## Conda

Creating and removing virtual environments with conda

In [None]:
conda create -n env_name python=3.6 pandas numpy
conda env remove -n env_name

Create 

In [None]:
conda create -n py3 python=3

Activating environment

In [None]:
source activate my_env

Exporting environment to share it with teammates 

In [None]:
conda env export > environment.yaml

Create environment from yaml file

In [None]:
conda env create -f environment.yaml

## Jupyter

Install Notebook Conda to help manage the environments in Jupyter

In [None]:
conda install nb_conda

Create slides in Jupyter and launch (in Slides mode):

In [None]:
jupyter nbconvert notebook.ipynb --to slides --post serve

## Pandas

### Reading a file

Read a file and replace column names with custom ones

In [None]:
labels = ['id', 'name', 'attendance', 'hw', 'test1', 'project1', 'test2', 'project2', 'final']
df = pd.read_csv('file_name.csv', header=0, names=labels)
df.head()

### Data frame summaries

Datatypes of all columns.
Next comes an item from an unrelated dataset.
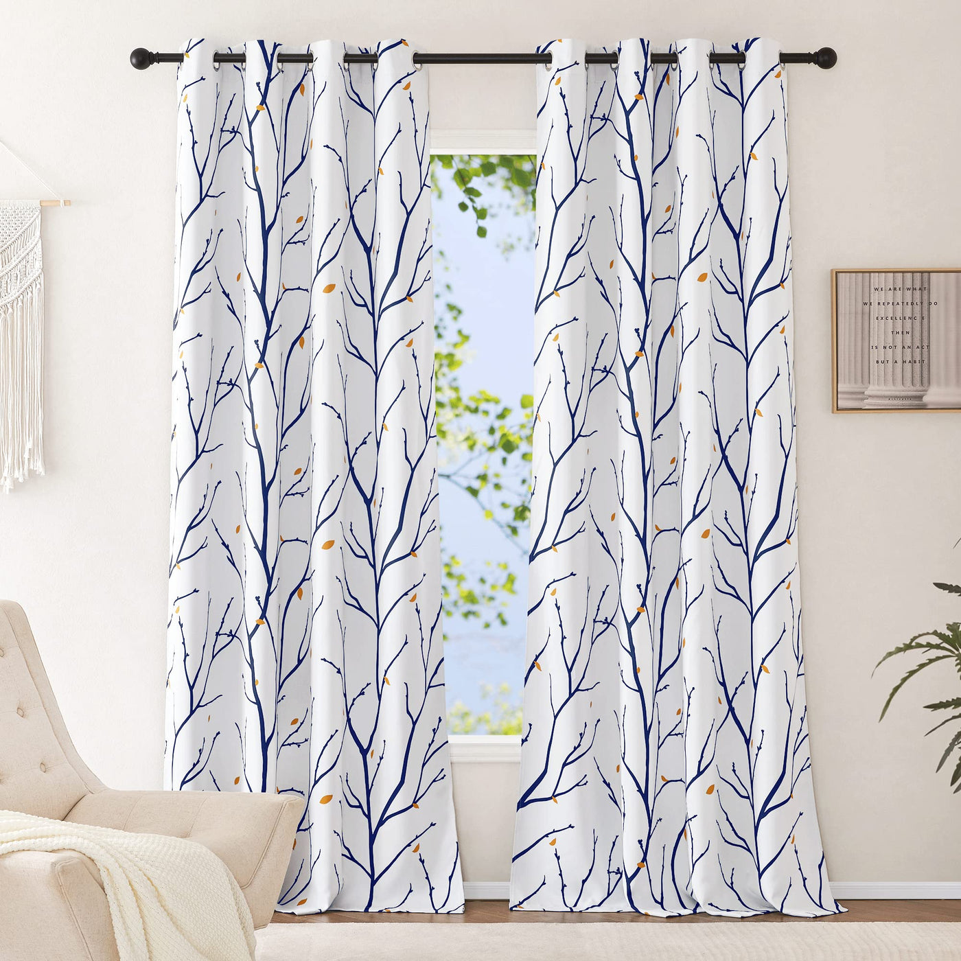 Nicetown Abstract Branch Curtains Extra Long 95' L, Grommet Top Room Darkening Window Drapes Elegant Petal Rain White Window Tr

Note: Pandas store **pointers** to strings

In [None]:
df.dtypes

Summary statistics

In [None]:
df.describe()

### Selecting columns

Select all the columns from 'id' to the last mean column

In [None]:
df_means = df.loc[:,'id':'fractal_dimension_mean']

OR

In [None]:
df_means = df.iloc[:,:11]

View the index number and label for each column

In [None]:
for i, v in enumerate(df.columns):
    print(i, v)

Convenient way to generate indices to select non-adjacent columns:

In [None]:
import numpy as np
indices = np.r_[:2, 12:22]
df_SE = df.iloc[:,indices]

### Imputation

Imputation

In [None]:
df['column_name'].fillna(new_value, inplace = True)

### Duplicates

Find duplicates  
(True means that this value is a duplicate. E.g. if there are two occurences, the first one will be labelled as False, the second one as True)

In [None]:
df.duplicated()

Remove duplicates

In [None]:
df.drop_duplicates(inplace=True)

### Datetime

In [None]:
df['column_name'] = pd.to_datetime(df['column_name'])

### Plots

Include to use plots in Jupyter notebook

In [None]:
%matplotlib inline

Histograms

In [None]:
df.hist()
df.hist(figsize=(8,8)); # specify figure size and suprsess outputing text 
df['column_name'].hist()
df.plot(kind='hist')

Bar charts

In [None]:
df['column_name'].value_counts().plot(kind='bar')

Pie charts

In [None]:
df['column_name'].value_counts().plot(kind='pie')

Relationships for all pairs and histograms for each variable

Simple scatter plot for two variables:

In [None]:
df.plot(x='column_name1',y='column_name2',kind='scatter')

Box plot

In [None]:
df['column_name'].plot(kind='box')